> [TASK STATEMENT]: Leave the images aside and repeat the whole listing exactly.

> [RECORDED INFORMATION]:
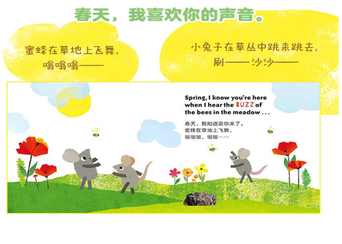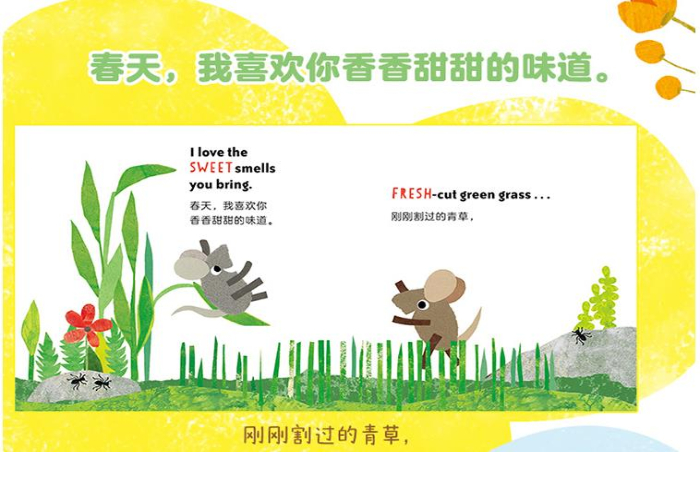 ☆《小黑鱼》作者李欧·李奥尼中英双语纸板书!春天来了,和田鼠阿佛一起去大自然里寻找春天的气味和声音,收集关于春天的词汇吧!简单而又富有节奏的英文短句,色彩明快的拼贴画,带孩子感受语言的乐趣。 ☆中英双语编排,选取生活中常用的基础英文单词,句子简短, 富有韵律和节奏,能激发儿童对语言单纯的听觉感受,有利于记诵。 ☆选取李奥尼绘本中的经典形象田鼠阿佛,综合运用拼贴、印染、剪纸、涂鸦等多种艺术手法再创作,让低幼的小宝宝也能感受大师作品的魅力。 春天到了。小树发芽,花开了,鸟宝宝在巢里叽叽喳喳。 春天,我喜欢你香香甜甜的味道。刚刚割过的青草,盛开的玫瑰,可爱的百合,还有下雨的味道。 我喜欢雨点啪嗒啪嗒落在我的鼻子上,喜欢双脚踩在泥土里咯吱咯吱的声音。 春天,谢谢你带来这么多的惊喜!我希望你永远在这里。 《田鼠阿佛双语认知绘本:春天里》从绘本大师李欧·李奥尼的...
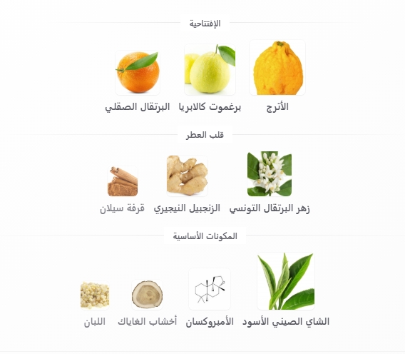 - المكونات العليا: برغموت كالابراي، زنجبيل نيجيري، قرفة سيلاني
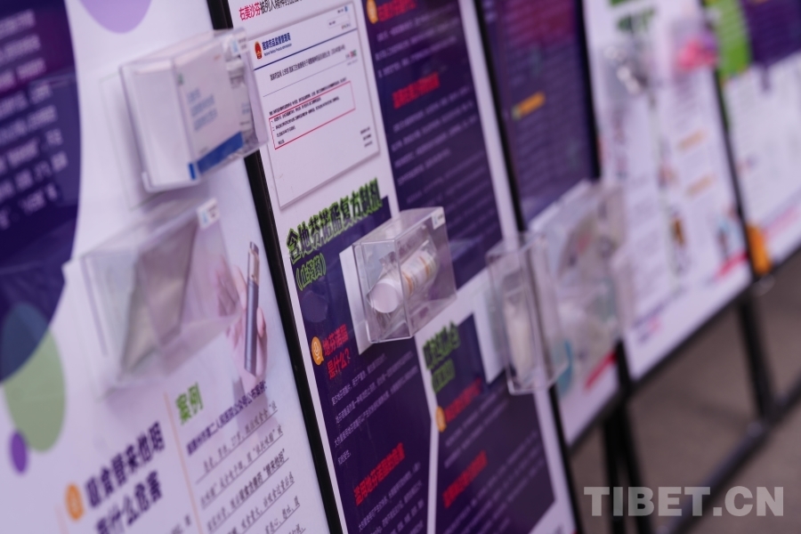 圖為活動現場,禁毒辦民警向群眾普及防毒禁毒知識。攝影:德吉卓瑪
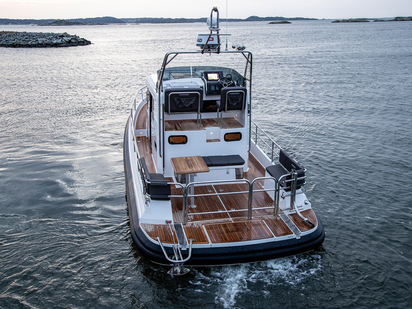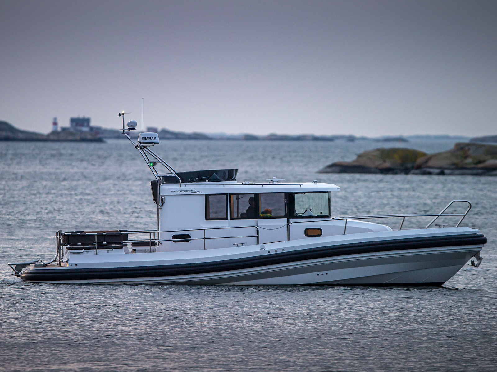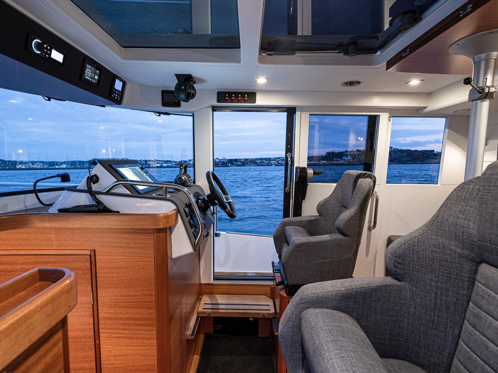 Longer, stronger and more hard wearing. The new 31 Flybridge has been remodelled into a super solid all year round commuter built to withstand the toughest conditions. The Paragon 31 Flybridge is intended for the serious boater who seek an uncompromising boat for all year-round use. It can be seen by her capacity to carry more powerful engines, has more room for tools, system installations and safety equipment. The most noticeable external difference is the heavy-duty rubber fender list which now runs along the entire boat and the extra length.

> [THE ANSWER]:
 ☆《小黑鱼》作者李欧·李奥尼中英双语纸板书!春天来了,和田鼠阿佛一起去大自然里寻找春天的气味和声音,收集关于春天的词汇吧!简单而又富有节奏的英文短句,色彩明快的拼贴画,带孩子感受语言的乐趣。 ☆中英双语编排,选取生活中常用的基础英文单词,句子简短, 富有韵律和节奏,能激发儿童对语言单纯的听觉感受,有利于记诵。 ☆选取李奥尼绘本中的经典形象田鼠阿佛,综合运用拼贴、印染、剪纸、涂鸦等多种艺术手法再创作,让低幼的小宝宝也能感受大师作品的魅力。 春天到了。小树发芽,花开了,鸟宝宝在巢里叽叽喳喳。 春天,我喜欢你香香甜甜的味道。刚刚割过的青草,盛开的玫瑰,可爱的百合,还有下雨的味道。 我喜欢雨点啪嗒啪嗒落在我的鼻子上,喜欢双脚踩在泥土里咯吱咯吱的声音。 春天,谢谢你带来这么多的惊喜!我希望你永远在这里。 《田鼠阿佛双语认知绘本:春天里》从绘本大师李欧·李奥尼的...
 - المكونات العليا: برغموت كالابراي، زنجبيل نيجيري، قرفة سيلاني
 圖為活動現場,禁毒辦民警向群眾普及防毒禁毒知識。攝影:德吉卓瑪
 Longer, stronger and more hard wearing. The new 31 Flybridge has been remodelled into a super solid all year round commuter built to withstand the toughest conditions. The Paragon 31 Flybridge is intended for the serious boater who seek an uncompromising boat for all year-round use. It can be seen by her capacity to carry more powerful engines, has more room for tools, system installations and safety equipment. The most noticeable external difference is the heavy-duty rubber fender list which now runs along the entire boat and the extra length.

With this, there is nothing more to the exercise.